Showing posts with label natural dyes. Show all posts
Showing posts with label natural dyes. Show all posts

Apr 3, 2018

The Return of the Weaver

Natural dye yarn, commercial and handspun, mint and rosemary, alum and iron dip


Wow... it's been about 2 years since I last posted. Someone was asking me about the blog the other day, and so I thought I'd pay it a visit. Then I thought, what the heck! Let me bring this baby back to life. Like Frankenstein's monster.

A lot has happened over the past 2 years to keep me away. 2016 brought 2 grandbaby dolls, so I was pretty busy with that. Then 2017 was a  busy year with two quilt shows, so that means deadlines. And I have a 9-5'er in the midst of all this.  Oh and I am the caretaker for my 93 year old mother and disabled brother. So here I am in 2018. And I feel like I need to take some of my own advice from a past post. Being, not doing.

Which is why I decided not to enter a piece in the Season After Season exhibit. I started to work on a piece and then I just plain got tired and lost steam. I think part of the reason I lost steam too is because of the age old internal battle that has gnawed away at me since I first learned to weave in high school… the artisan vs. artist in me. I want to make something beautiful, but it has to be functional. I just can’t get past it. As the Shakers used to say:

"Beauty rests on utility"

So I’m sticking to functional quilts for a while. I won’t say forever! But for a very long while.



Mar 20, 2014

Black beans & tea

In the studio....
My manatee pal has taken me back to natural dyeing. I haven't worked with natural dyes in a while and forgot how interesting the colors and the process are. Not to mention much safer for the environment than commercial pigments.
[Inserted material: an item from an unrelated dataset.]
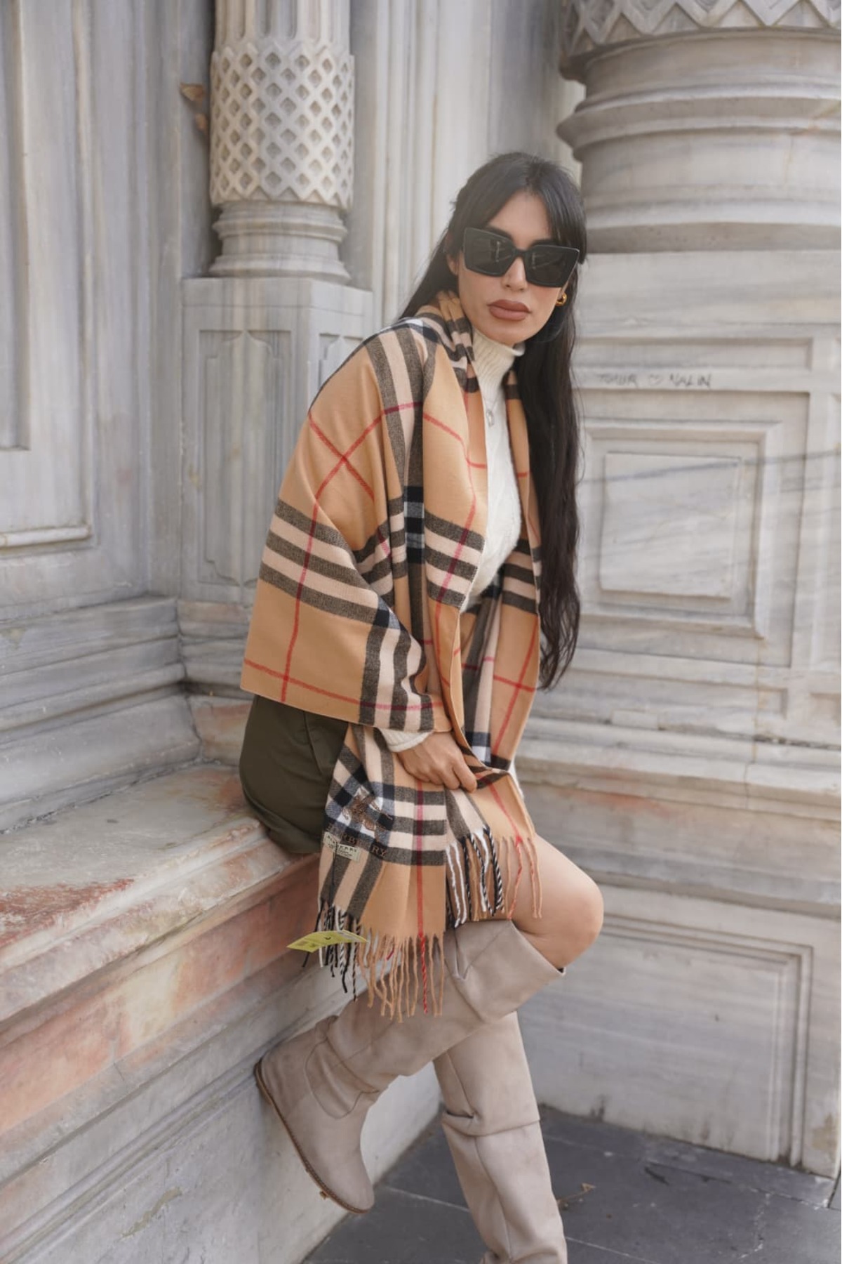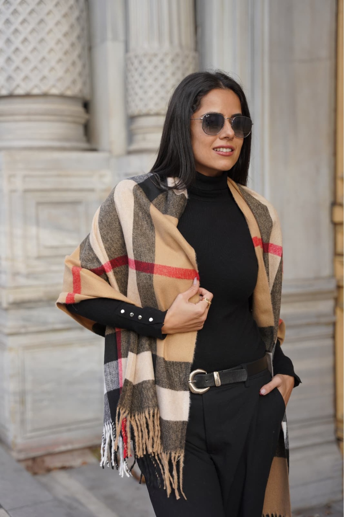Çift Taraflı Ekoseli Yünlü Omuz Şalı - 75x175cm - Kışlık Şal Çift Taraflı Ekoseli Yünlü Omuz Şalı - 75x175cm - Kışlık Şal PZ5801 75 x 175

I dyed manatee with tea. To do this, you basically batch your fabric in a cuppa. I added 8 teabags to 2 1/2 cups of boiling water and let it steep for 15 min. I poured some of the bath into a jar and added manatee, then poured the rest of the tea bath into another glass jar and added 1 yard of fabric. I let these 2 fabrics batch for 24 hours. The yard of muslin came out much lighter but with a pretty mottled look. I did not use mordant.



I then moved onto black beans as I wanted to get a blue color. I soaked the black beans in a plastic tub over night, stirring whenever possible. Used a good amount of water as beans absorb quite a lot. Used alum mordant. Soaked the fabric for 4 hours in 3 tbsp. alum, 2 tbsp. cream of tartar and 1 gal. of water. I'm not sure of these measurements, and maybe that's why I didn't get the exact color I wanted... but that's part of the magic of natural dyes. Both fabrics are cotton, but the fabric on the left, which has a tighter weave, seemed to achieve more of a blueish purple while the other is more of a reddish purple. The picture doesn't show well the different veins and hints of light blue and grey running through it. I am happy with the results, even though I didn't get blue per se.


Did a little over dye on a swatch of commercial fabric also. For details on these two dyeing methods, shoot me an email.



On the bookshelf...
Read Carl Hiaasen's Flush. Being a children's librarian, I have to read kid's books in order to provide reader's advisory services. But I don't have to read them, I want to. Most children's authors are good writers. They have to be. Because kids can smell a stink bomb a mile away. Children's writers have to grab you in the first page or two or they are toast. I enjoyed Flush and I like Hiaasen's writing style for kids. His books take place in Florida, and have an environmental theme, and goodness knows if any state needs environmental awareness, it's Florida. This is the story of a couple of kids who go up against a nasty casino boat owner who is dumping his boat's waste into the sea. Likable characters and good story.